Fernbeziehungstrauma?

Heute Nacht träumte ich, dass ich wieder nach Deutschland zurück müsste. Mein Mann verabschiedete mich am Flughafen, dann war ich wieder in Deutschland und nur am Heulen.

Tatsächlich brachte mein Mann mich damals, während wir eine Fernbeziehung führten, vier Mal zum Flughafen. Jedes Mal flossen Tränen. Jedes Mal war der Heimflug eine Tortur. Jedes Mal kam mein Mann nach Hause in eine Wohnung, in der ich noch vor kurzem war.

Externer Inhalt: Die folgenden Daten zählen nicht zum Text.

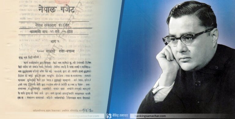 याेसँगै नेपालमा बजेट प्रस्तुत गर्ने थालिएको ७४ वर्ष भएको छ। नेपालमा पहिलो पटक वि.स. २००८ साल माघ २१ गते तत्कालीन अर्थमन्त्री सुवर्ण शमशेर जबराले पहिलो बजेट ल्याएका थिए। उनले ल्याएको बजेट नै नेपालको पहिलो सरकारी हिसाबकिताब सहितको पहिलो बजेट हो। त्यसयता, निरन्तर (केही वर्ष बाहेक) प्रत्येक वर्ष बजेट प्रस्तुत हुँदै आएको छ। काँग्रेसका मातृकाप्रसाद कोइराला प्रधानमन्त्री र काँग्रेसका अर्थमन्त्री सुवर्ण शमशेर राणाले नेपालको पहिलो बजेट ल्याएका हुन्। नेपालको पहिलो बजेट ५ करोड २५ लाख २९ हजार रुपैयाँको थियो।नेपालको पहिलो बजेट तीन हजार पाँच सय शब्द हाराहारीको थियो।

Natürlich sind wir inzwischen seit fünfeinhalb Jahren verheiratet, und ich muss nie wieder unfreiwillig zurück nach Deutschland. Trotzdem sind wir beide von der Fernbeziehung noch immer gezeichnet. Also, wahrscheinlich vor allem ich. 😉

Als ich vor zwei Jahren allein nach Deutschland flog, schaltete mein Kopf direkt in “Ich werde ihn mehrere Monate nicht sehen können”-Modus. Dabei würden es weniger als zehn Tage sein. Spaß macht das nicht, wenn man dann total verzweifelt weinend im Hotelzimmer sitzt, ohne einen echten Grund zu haben. Egal wie viel stärker uns die Fernbeziehung gemacht hat, so richtig gesund war das für mich wahrscheinlich nicht.

Immerhin kann ich jetzt, wenn ich so etwas träume, schnell zu meinem Mann ins Bett hüpfen und mich vergewissern, dass er noch da ist. 🙂 Das hilft auf jeden Fall.

Kennt noch jemand dieses Nachklingen von Fernbeziehungen, und wann geht das weg?

(Das Foto ist übrigens von unserer japanischen Hochzeit, als wir vor dem Umziehen herumalberten.)

Wie Japan und die Zeit mich verändert haben.

Manchmal fällt mir auf, wie sehr ich mich im Laufe der Jahre verändert habe. Das merke ich entweder zurück in Deutschland, oder in der Interaktion mit anderen Ausländern, vor allem denen, die erst kurz hier sind, oder auch einfach mal so zwischendurch. Bitte immer daran denken, dass ich mich mit mir selbst vor fast 5 Jahren vergleiche, das Alter mag also durchaus auch eine Rolle spielen. 😉

1. Nicht anfassen!

Nach durchgängig vier Jahren in Japan bin ich es überhaupt nicht mehr gewohnt, Leuten die Hand zu schütteln oder zur Begrüßung oder Verabschiedung zu umarmen. Man macht es in Japan einfach nicht, plötzlich Bekannten sehr nah zu kommen ist eigenartig. Fühlt euch also nicht beleidigt, wenn ich mal nur winke. 😉

2. Claudia ist jetzt ein richtiges Mädchen!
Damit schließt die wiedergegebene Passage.